Whether the association of weight cycling with cancer risk varied by age was investigated in stratified analyses with either younger or older participants defined relative to the median age of the study population (64 years for men and 62 years for women). In older women aged ≥62 years, there was a statistically significant positive trend between number of cycles and ovarian cancer (for 1–4 cycles: hazard ratio (HR) = 1.02, 95% confidence interval (CI): 0.72, 1.44; for 5–9 cycles: HR = 1.89, 95% CI: 1.15, 3.13; for ≥10 cycles: HR = 2.07, 95% CI: 1.23, 3.50) (P for trend = 0.03), whereas the association was null in younger women aged <62 years (for 1–4 cycles: HR = 0.88, 95% CI: 0.60, 1.29; for 5–9 cycles: HR = 1.13, 95% CI: 0.66, 1.95; for ≥10 cycles: HR = 0.68, 95% CI: 0.36, 1.28) (P for trend = 0.41). However, the age-specific associations of weight cycling with ovarian cancer risk were not statistically significantly different (P for interaction = 0.12). All other associations with weight cycling in younger and older men and women were null (data not shown).
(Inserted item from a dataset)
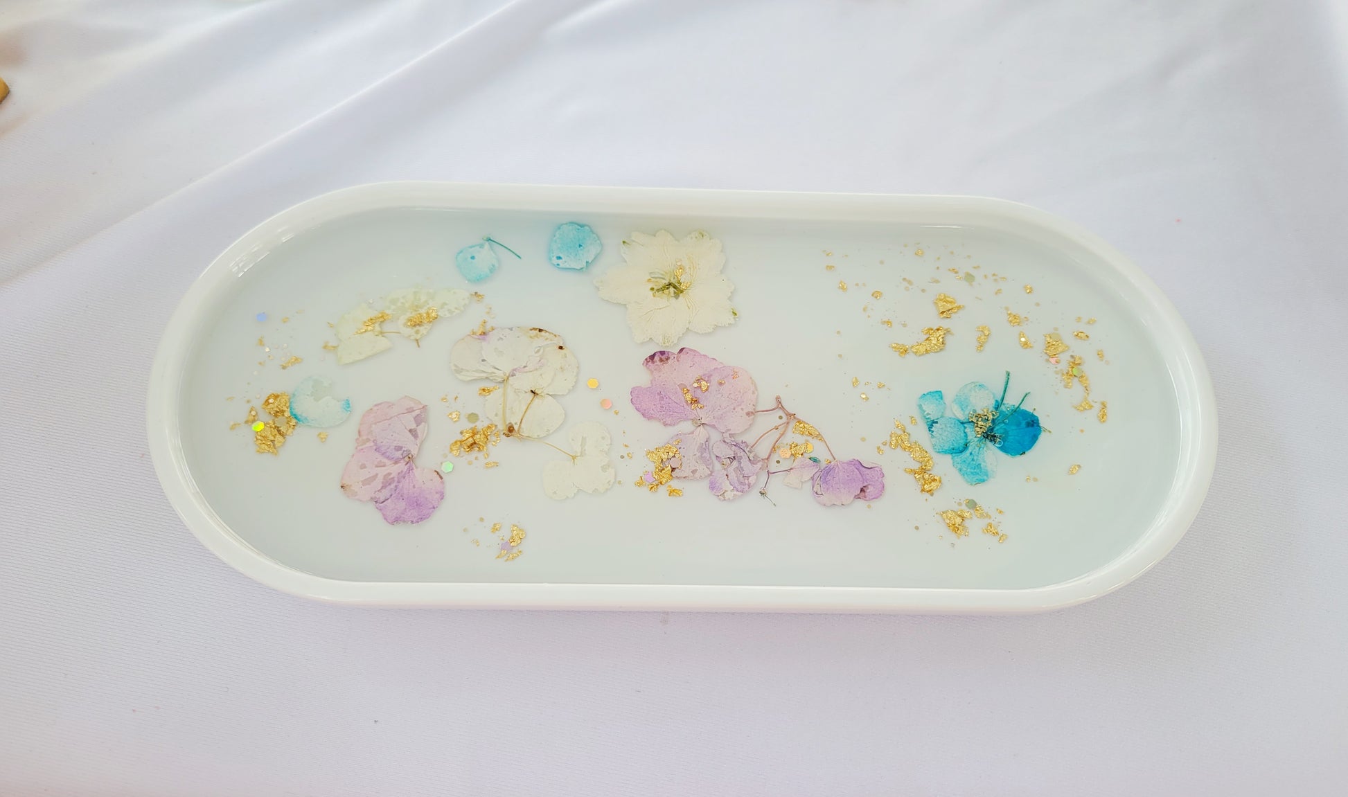 Floral Vanity Tray, made with real florals and food grade epoxy. Perfect for your colognes, perfumes or jewelry.

Although smoking status was controlled for in analyses of weight cycling and cancer risk, it is possible that residual confounding by smoking dose could influence our findings. Therefore, in sensitivity analyses, the study population was limited to never and long-term former (≥20 years) smokers. All associations were null and similar to those obtained with the full study population (data not shown).